Chemical precipitation is the most commonly used method. It is effective and enables phosphate removal in a reasonable amount of time. The process is widely recognised and used on technical scale. Lime or iron and aluminium salts, with a possible addition of flocculants, are used in precipitation process. The addition of polymers (flocculants) enables the formation of bigger, more permanent structures. The resulting sludge is then removed in sedimentation processes. Orthophosphate ions are usually precipitated with aluminium sulphate, ion chloride (III) or ion sulphate (II). They can also be removed with lime; however nowadays this approach is becoming less popular. All of the aforementioned substances cause the precipitation of orthophosphate salts from the solution.

 

The following chemical reactions contribute to the process:

 

1. Al3+ + PO43- → AlPO4 ↓ (in this case, the required ratio of Al to P is 0.87:1)

2. Fe3+ + PO43- → FePO4 ↓ (, in this case, the required ratio of Fe to P is 1.8:1)
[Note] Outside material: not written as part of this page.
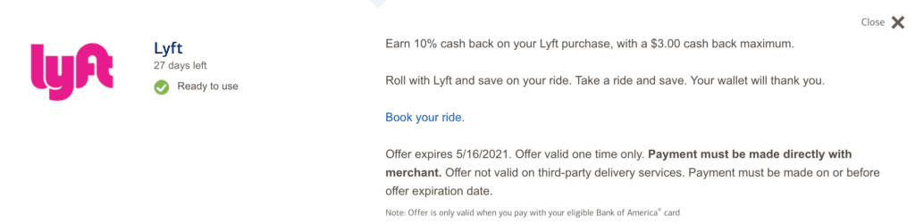 I see this on my Bank Amerideals, it might be on Chase Offers and other banks that use the same back-end as well. This is the first we’ve seen Lyft show up there. Nice little discount.

3. If lime is used in the process, hydroxyapatite is formed: [Ca9(OH)(PO4)3]. The following reaction occurs between phosphate and lime ions added to the solution:

 

5Ca2+ + 4OH- + 3HPO4- → Ca5OH(PO4)3 + 3H2O

 

Large amounts of sludge are generated during coagulation processes. If sewage alkalinity is below the required standard, alkalizing products, such as lime or NaOH, must be added to it. Lime addition increases the amount of accumulating sludge. However, lime has low solubility in water (approximately 1.65 g/ dm3 at 20°C) and thus it is difficult to maintain the correct concentration. Lime is over 200 times less soluble than aluminium salts and over 500 times less soluble than iron chloride (III). Moreover, lime increases pH to over 10. Its advantages include low cost and high effectiveness (lime dose and other parameters must be determined experimentally). Sulphates and chlorides, on the other hand, might, depending on the coagulant used, increase sewage corrosivity.

 

There is no economic justification of using adsorption and ion exchange in industrial wastewater treatment.